Information given:
· · · · · · ·

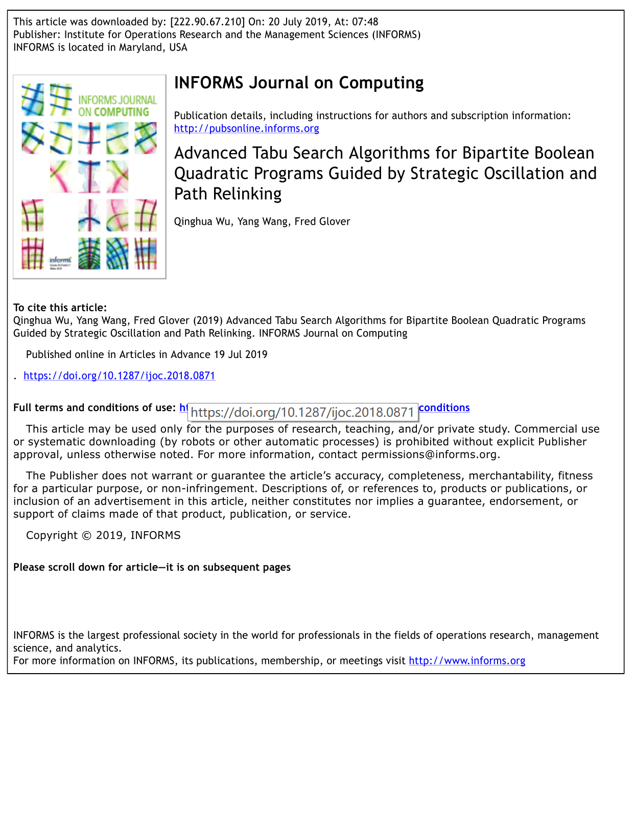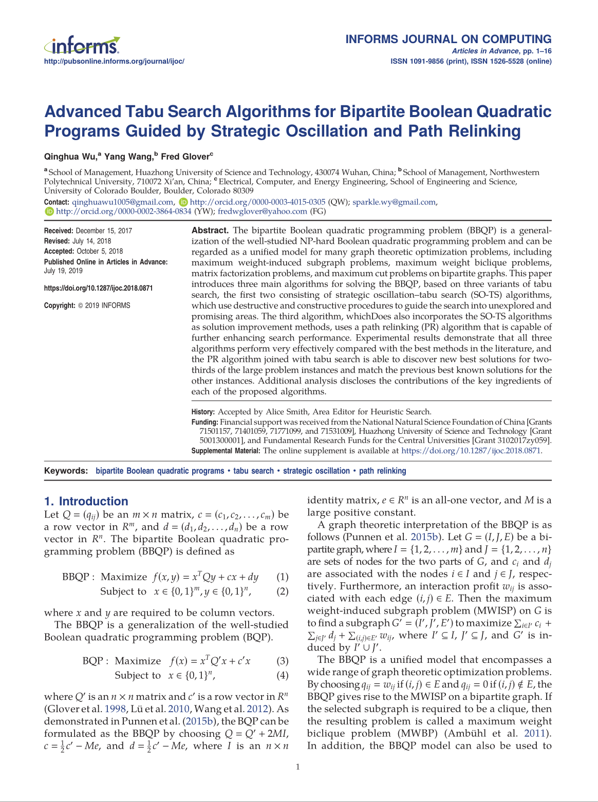 Recently, Associate Professor Wang Yang from the School of Management of our university, serving as the corresponding author, collaborated with Associate Professor Wu Qinghua from Huazhong University of Science and Technology and Dr. Fred Glover, Member of the U.S. National Academy of Engineering, to publish an academic paper titled Advanced Tabu Search Algorithms for Bipartite Boolean Quadratic Programs Guided by Strategic Oscillation and Path Relinking in INFORMS Journal on Computing—one of the world’s most prestigious academic publications included in the UTD Top 24 Business Journals list for the field of management.
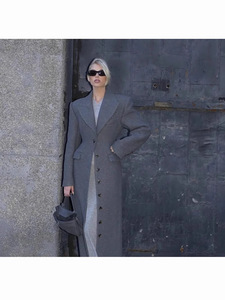 毛呢西装领收腰长款风衣大衣外套
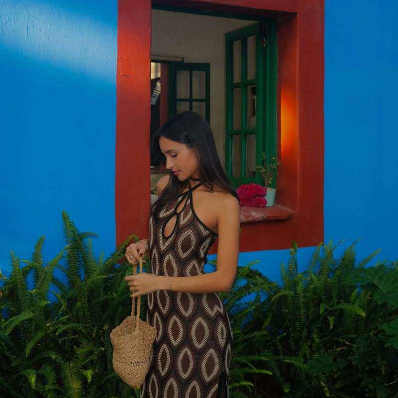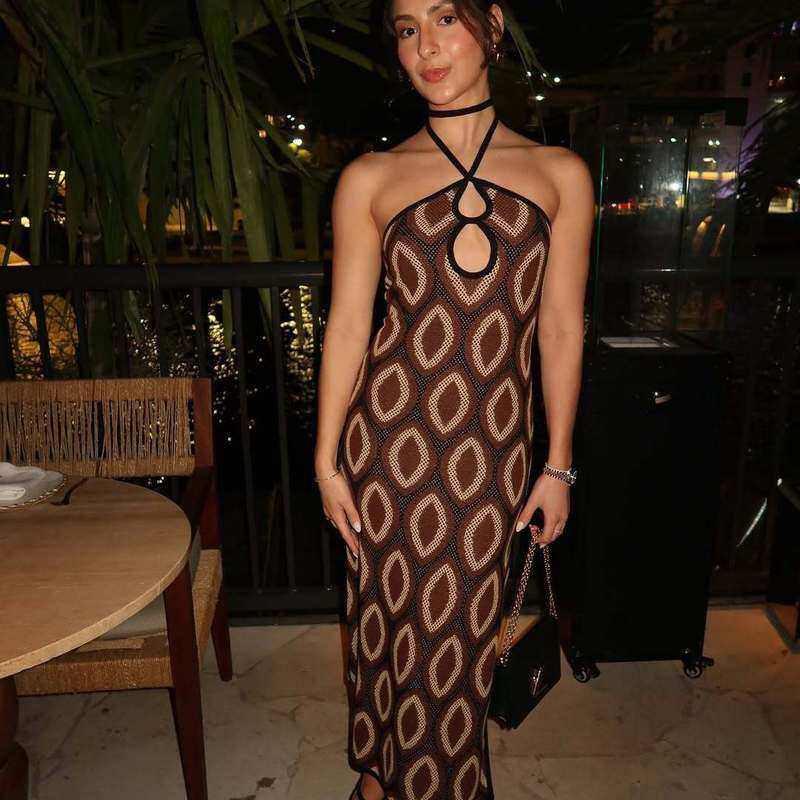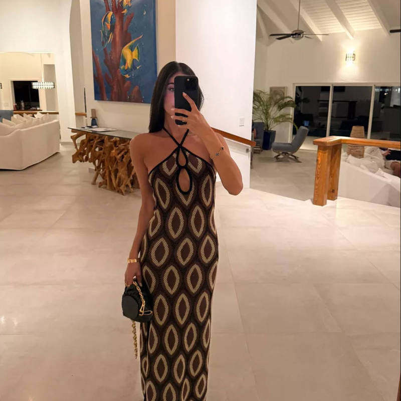 wildgirl波西米亚度假风针织镂空开叉沙滩挂脖露背包臀长款 连衣裙
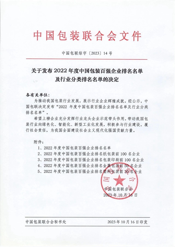 2023年10月16日,中國包裝聯合會正式公布了2022年度中國包裝百強企業排名名單和行業分類排名名單,深圳裕同、勝達集團和廈門合興列紙包裝百強企業的前三位。
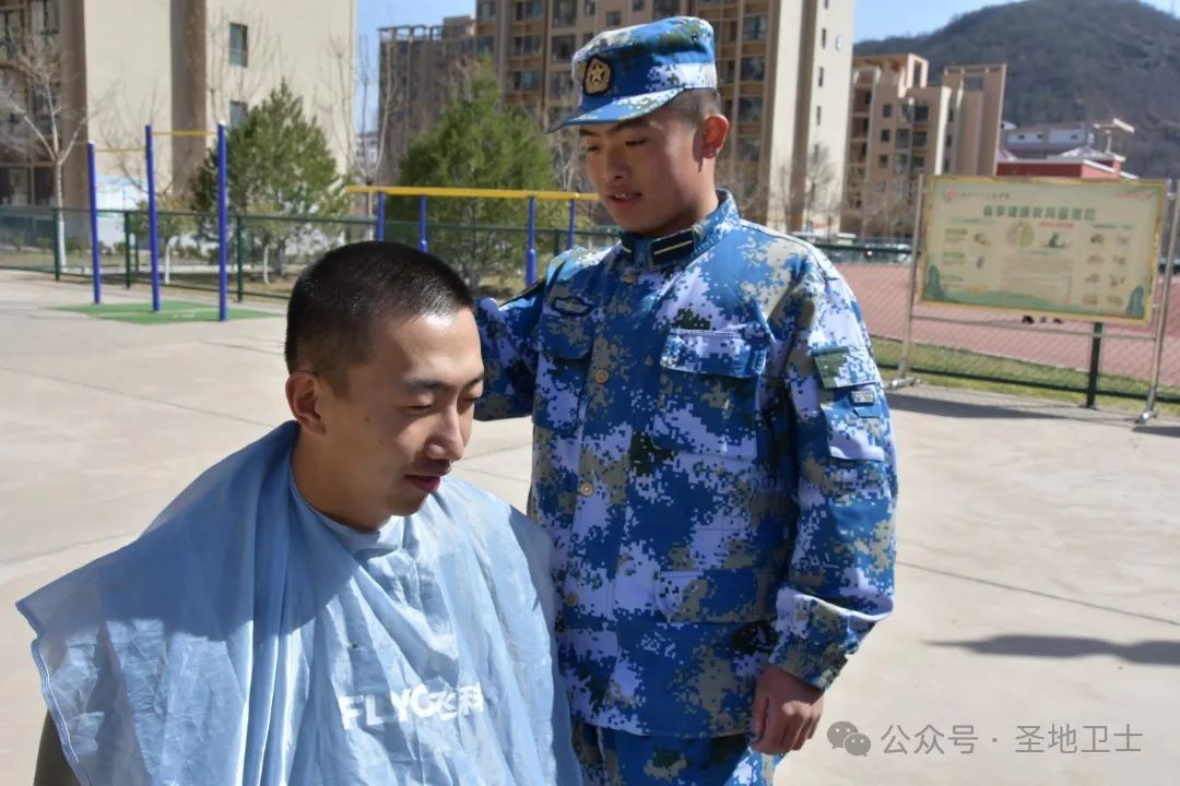 “青春理作寸头短,热血浇开军梦花。”体现了军士生立志将青春年华奉献给军队,用寸头展现出青春的活力与激情,他们以热血和汗水浇灌着自己的军旅梦想,在学校绽放出独特的青春光彩。
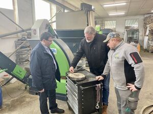 Viel Technik, viele große Säcke, Schafwolle, Heu, Stroh, etwas Staub und ein interessantes Konzept hat sich MdL Jörg Denninghoff bei einem Betriebsbesuch der Firma Taunus Pellets in Gemmerich ansehen können. Die Firmengründer Pierre von der Heidt und Rainer Kress empfingen Denninghoff und Carsten Göller (Vorsitzender der SPD-Kreistagsfraktion) direkt in der Produktionshalle. „Innovative Konzepte, regionale Produkte und Wertschöpfung vor Ort. Davon kann der Rhein-Lahn-Kreis nur profitieren“, sagte Denninghoff nach dem Termin in Gemmerich.

· · · · · · ·

Exercise details:
The entries above are to be repeated exactly, except for any pictures.

Output:
 Recently, Associate Professor Wang Yang from the School of Management of our university, serving as the corresponding author, collaborated with Associate Professor Wu Qinghua from Huazhong University of Science and Technology and Dr. Fred Glover, Member of the U.S. National Academy of Engineering, to publish an academic paper titled Advanced Tabu Search Algorithms for Bipartite Boolean Quadratic Programs Guided by Strategic Oscillation and Path Relinking in INFORMS Journal on Computing—one of the world’s most prestigious academic publications included in the UTD Top 24 Business Journals list for the field of management.
 毛呢西装领收腰长款风衣大衣外套
 wildgirl波西米亚度假风针织镂空开叉沙滩挂脖露背包臀长款 连衣裙
 2023年10月16日,中國包裝聯合會正式公布了2022年度中國包裝百強企業排名名單和行業分類排名名單,深圳裕同、勝達集團和廈門合興列紙包裝百強企業的前三位。
 “青春理作寸头短,热血浇开军梦花。”体现了军士生立志将青春年华奉献给军队,用寸头展现出青春的活力与激情,他们以热血和汗水浇灌着自己的军旅梦想,在学校绽放出独特的青春光彩。
 Viel Technik, viele große Säcke, Schafwolle, Heu, Stroh, etwas Staub und ein interessantes Konzept hat sich MdL Jörg Denninghoff bei einem Betriebsbesuch der Firma Taunus Pellets in Gemmerich ansehen können. Die Firmengründer Pierre von der Heidt und Rainer Kress empfingen Denninghoff und Carsten Göller (Vorsitzender der SPD-Kreistagsfraktion) direkt in der Produktionshalle. „Innovative Konzepte, regionale Produkte und Wertschöpfung vor Ort. Davon kann der Rhein-Lahn-Kreis nur profitieren“, sagte Denninghoff nach dem Termin in Gemmerich.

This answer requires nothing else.